AI and Human Perception: Meaning vs. Visual Features
While humans focus on the meaning of objects, AI relies more on visual characteristics, leading to a significant 'visual bias' in AI models.
AI and Humans: Differing Perceptions of Objects
While humans concentrate on the meaning of objects, artificial intelligence (AI) focuses on visual characteristics. This fundamental difference, known as 'visual bias,' can affect how we trust and use AI systems.
Understanding the Differences
Florian Mahner from the Max Planck Institute for Human Cognitive and Brain Sciences explains, "These dimensions represent various properties of objects, ranging from purely visual aspects, like 'round' or 'white,' to more semantic properties, like 'animal-related' or 'fire-related,' with many dimensions containing both visual and semantic elements."
Human Focus on Meaning
"Our results revealed an important difference: While humans primarily focus on dimensions related to meaning—what an object is and what we know about it—AI models rely more heavily on dimensions capturing visual properties, such as the object's shape or color," Mahner adds. This means that even when AI appears to recognize objects similarly to humans, it often uses fundamentally different strategies.
Impact of Visual Bias
Martin Hebart, the last author of the paper, explains, "When we first looked at the dimensions we discovered in the deep neural networks, we thought that they actually looked very similar to those found in humans. But when we started to look closer and compared them to humans, we noticed important differences."
Methodology and Findings
For human behavior, the scientists used about 5 million publicly available odd-one-out judgments over 1,854 different object images. For example, a participant would be shown an image of a guitar, an elephant, and a chair and would be asked which object doesn't match. They then treated multiple deep neural networks that can recognize images analogous to human participants and collected similarity judgments for images of the same objects used for humans.
Direct Comparability
They applied the same algorithm to identify the key characteristics of these images—termed "dimensions" by the scientists—that underlie the odd-one-out decisions. By treating the neural network analogous to humans, this ensured direct comparability between the two.
Interpreting Dimensions
In addition to the visual bias identified by the scientists, they used interpretability techniques common in the analysis of neural networks for judging whether the dimensions they found actually made sense.

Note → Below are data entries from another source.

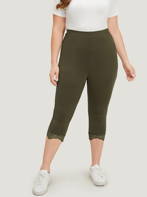 Plain Lace Patchwork High Rise Leggings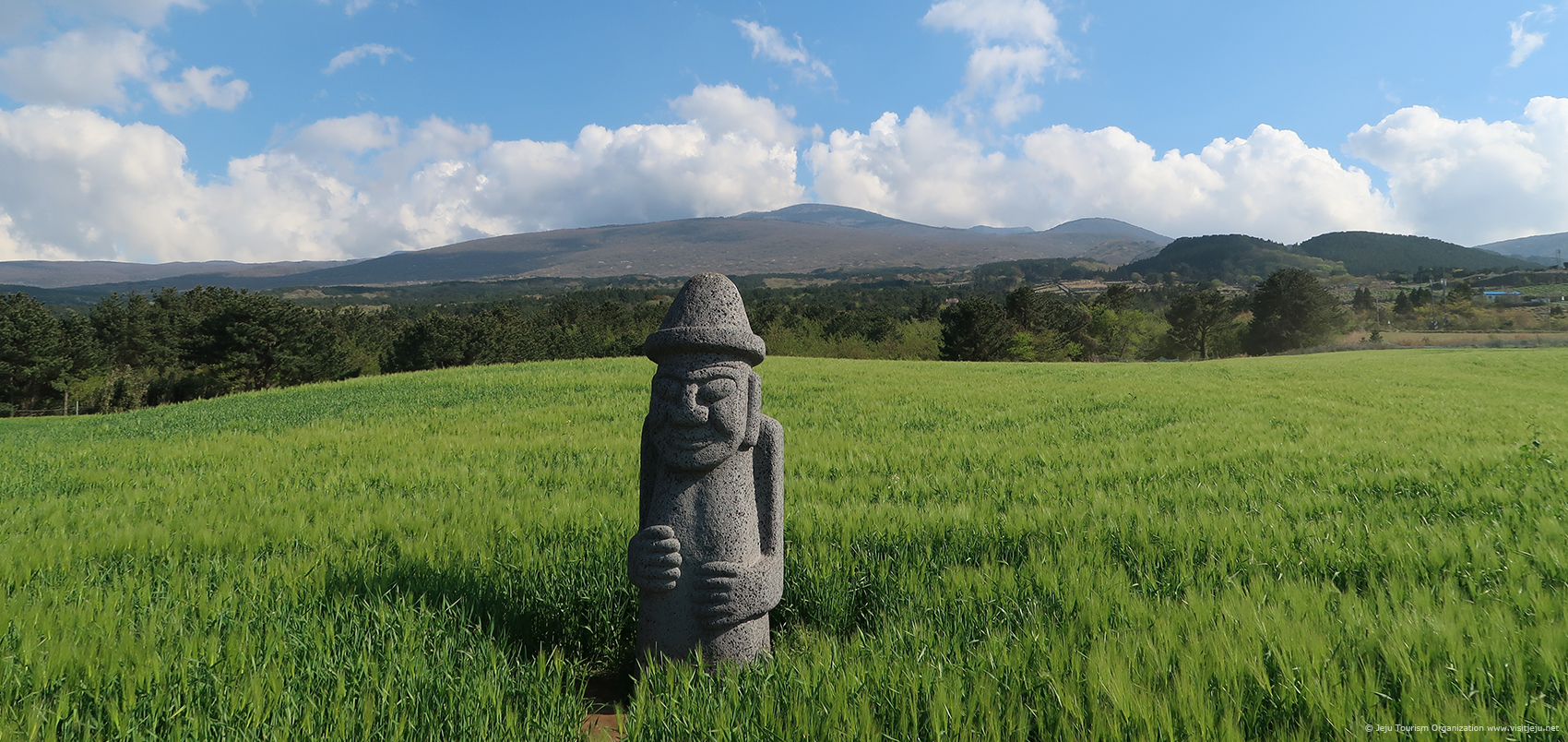 When you arrive on Jejudo Island, the first thing you see will be the dol hareubang phallic rock statues carved out of black basalt, and the exotic green palm trees. Wherever you go on Jejudo Island, you will see dark basalt, almost pure black, and green plants surrounded by the volcanic rocks. As Jejudo Island was formed by volcanoes, the entire landscape is formed of basalt, making it the most easily available material for rock statues. The green crops surrounded by basalt walls, and traditional basalt homes with green trees standing in the yard, form the landscape of Jejudo Island. The basalt, which is not exactly black, but a deep brown, close to black, creates a delightful contrast with the green plants, a color combination symbolic of Jejudo Island. All throughout your trip on Jejudo Island, you will see the dark basalt rocks create beautiful harmony with a symphony of colors: yellow, green, orange and emerald green.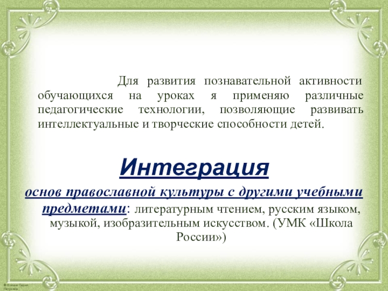 основ православной культуры с другими учебными предметами: литературным чтением, русским языком, музыкой, изобразительным искусством. (УМК «Школа России»)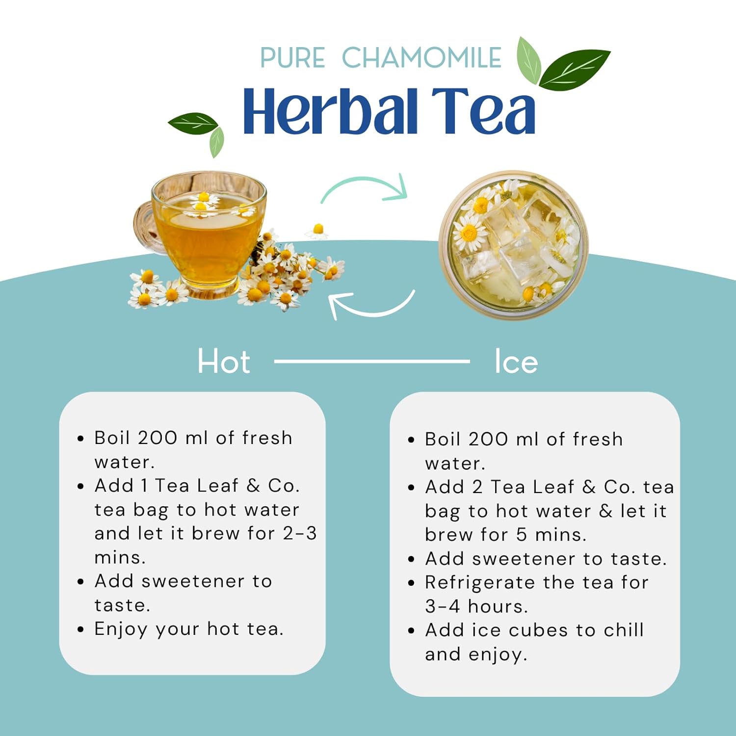 - CHAMOMILE HERBAL TEA: Experience the sweet and soothing taste of 100% Chamomile tea. Its soft, floral aroma enhances relaxation, making it a delightful choice for a calming and smooth tea experience.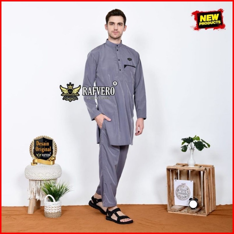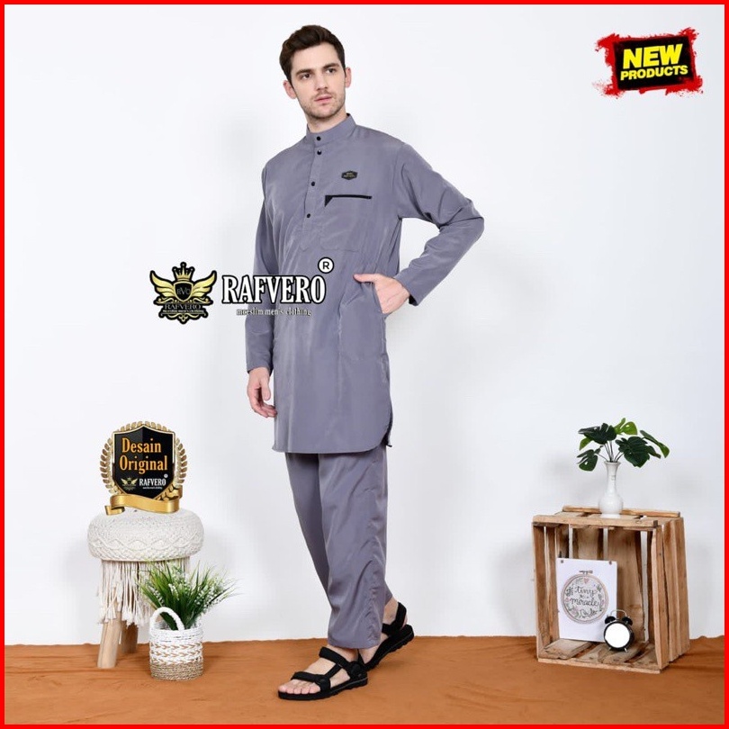 Setelan Koko Dewasa - Baju Koko Pria - Kurta Pakistan - Gamis Setelan Lengan Panjang Polos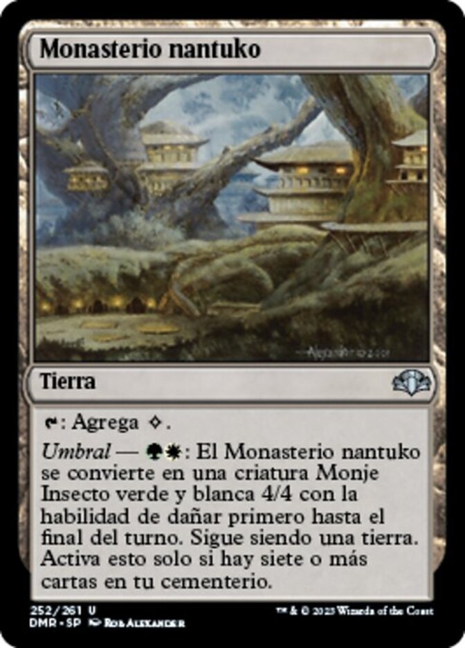 | Rules | : Add . Threshold — : Nantuko Monastery becomes a 4/4 green and white Insect Monk creature with first strike until end of turn. It's still a land. Activate only if seven or more cards are in your graveyard. |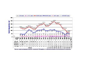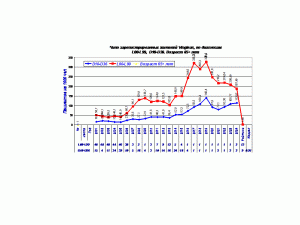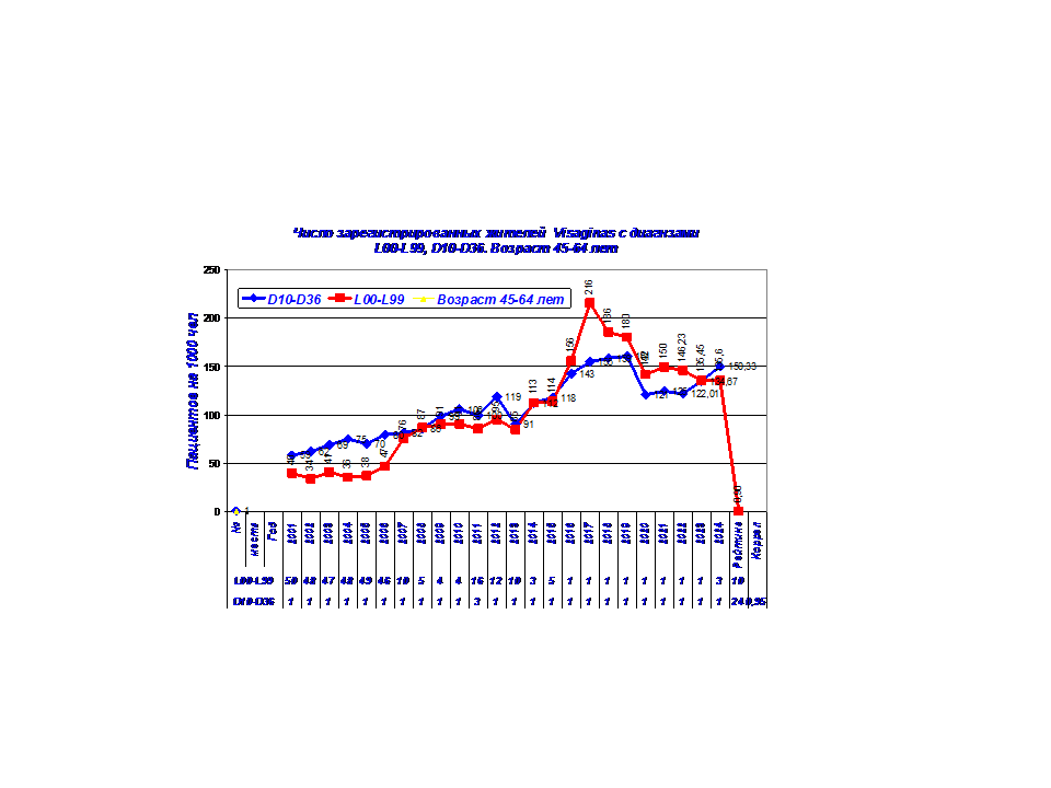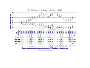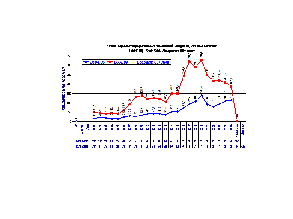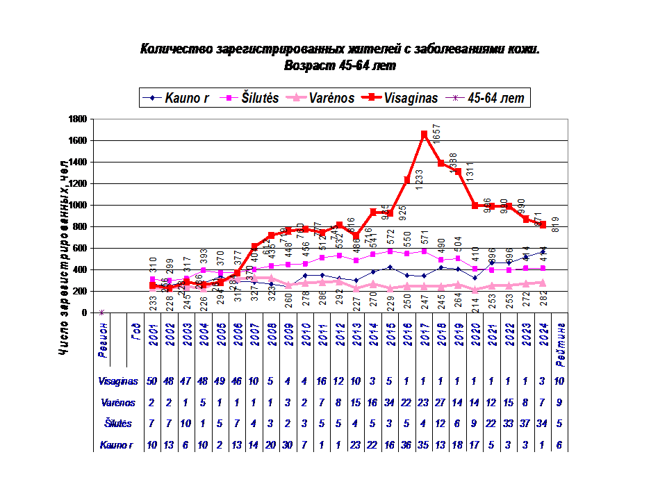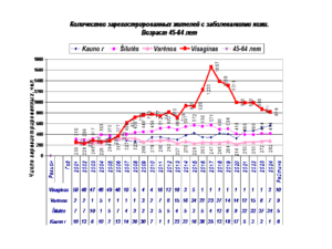 Высокие рейтинги наблюдаются по возрастным группам 45-64 лет и 65+ лет. После 2014-15 г резко увеличилось число пациентов с кожными заболеваниями. Динамика заболеваемости жителей Visaginas по 5 диагнозам представлены в диаграммах 1-5.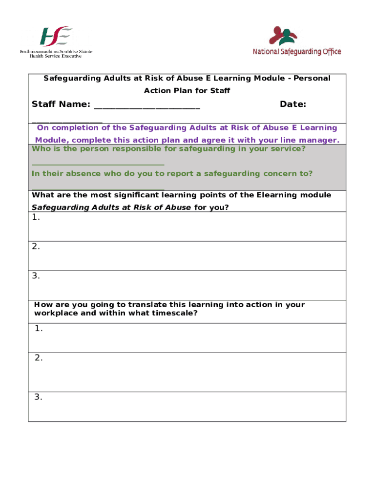 The www.elearningatwork.co.uksafeguarding-adultseLearning At Work - Online Safeguarding Adults Training Course is a Word document that has to be completed and signed for specified purposes. In that case, it is furnished to the actual addressee in order to provide some info of any kinds. The completion and signing is possible or using a suitable tool e. g. PDFfiller. Such tools help to complete any PDF or Word file online. While doing that, you can edit it according to your needs and put legit electronic signature. Once finished, the user ought to send the www.elearningatwork.co.uksafeguarding-adultseLearning At Work - Online Safeguarding Adults Training Course to the recipient or several ones by email and also fax. PDFfiller is known for a feature and options that make your blank printable. It provides a variety of settings when printing out. No matter, how you will send a document - physically or by email - it will always look professional and organized. To not to create a new editable template from scratch again and again, make the original document into a template. After that, you will have a customizable sample.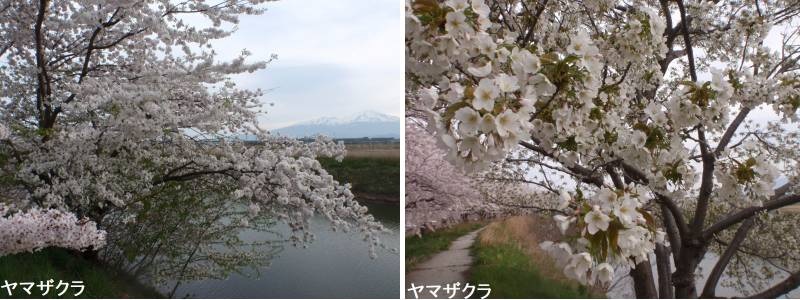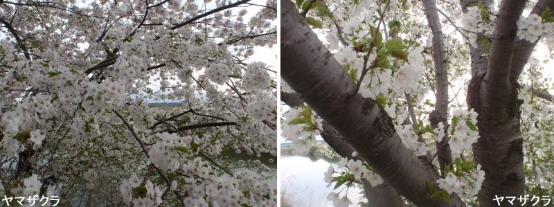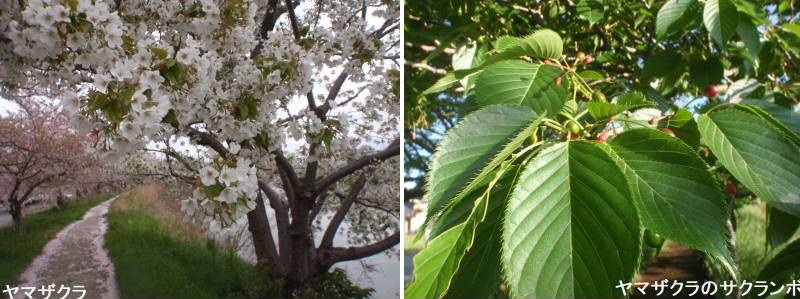 ヤマザクラ(山桜)は山に生え、桜の花の開花日の標準にされるソメイヨシノ(園芸品種)とちがって、花と葉が同時に開きます。色は白や薄紅色で変化が多いです。花のときの若葉は、茶、黄緑、緑色などになります。葉は開くと長さ5~9cm、幅3~4cmで裏が白く、毛がありません。秋に赤く紅葉し、幹は高さ7mほどになります。樹皮はチョコレート色で、横に薄茶色のすじがたくさんあります。サクランボ(果実)は初夏に熟し、食べると苦いです。町や村に近い雑木林やアカマツ林によく見られます。公園のソメイヨシノの花が咲くころ、これらの林では花をつけたものが点々と見えます。花と葉が開いていて、花や葉に毛がなければ、ヤマザクラです。花は昔から人々に親しまれてきました。奈良の吉野山、京都の嵐山などは、ヤマザクラの名所です。太閤秀吉の花見で有名な醍醐寺(京都市)の桜もヤマザクラです。花見といえば、今では、ソメイヨシノが多いですが、昔はヤマザクラの花が楽しまれました。ソメイヨシノは明治のはじめに現れた園芸品種で、花が華やかなので、全国に広まりました。

For example, one dimension might feature a lot of animals and may be called 'animal-related.'
To see if the dimension really responded to animals, the scientists ran multiple tests: They looked at what parts of the images were used by the neural network, they generated new images that best matched individual dimensions, and they even manipulated the images to remove certain dimensions. "All of these strict tests indicated very interpretable dimensions," adds Mahner.
Comparing Human and AI Dimensions
"But when we directly compared matching dimensions between humans and deep neural networks, we found that the network only really approximated these dimensions. For an animal-related dimension, many images of animals were not included, and likewise, many images were included that were not animals at all. This is something we would have missed with standard techniques," Mahner explains.
Future Implications
The scientists hope that future research will use similar approaches that directly compare humans with AI to better understand how AI makes sense of the world. "Our research provides a clear and interpretable method to study these differences, which helps us better understand how AI processes information compared to humans. This knowledge can not only help us improve AI technology but also provides valuable insights into human cognition," says Hebart.
Frequently Asked Questions
What is the main difference between how humans and AI perceive objects?
While humans focus on the meaning of objects, AI relies more on visual characteristics, leading to a 'visual bias' in AI models.
What is 'visual bias' in AI models?
Visual bias refers to the tendency of AI models to rely more heavily on visual properties of objects, such as shape and color, rather than their meaning.
How did scientists study the differences between human and AI perception?
Scientists used about 5 million publicly available odd-one-out judgments over 1,854 different object images for humans and treated multiple deep neural networks analogously to human participants to collect similarity judgments.
What techniques did scientists use to interpret dimensions in AI models?
Scientists used interpretability techniques common in the analysis of neural networks, including tests to see what parts of images were used by the neural network and generating new images that best matched individual dimensions.
What are the implications of these findings for AI technology and human cognition?
These findings can help improve AI technology by better understanding how AI processes information and provide valuable insights into human cognition.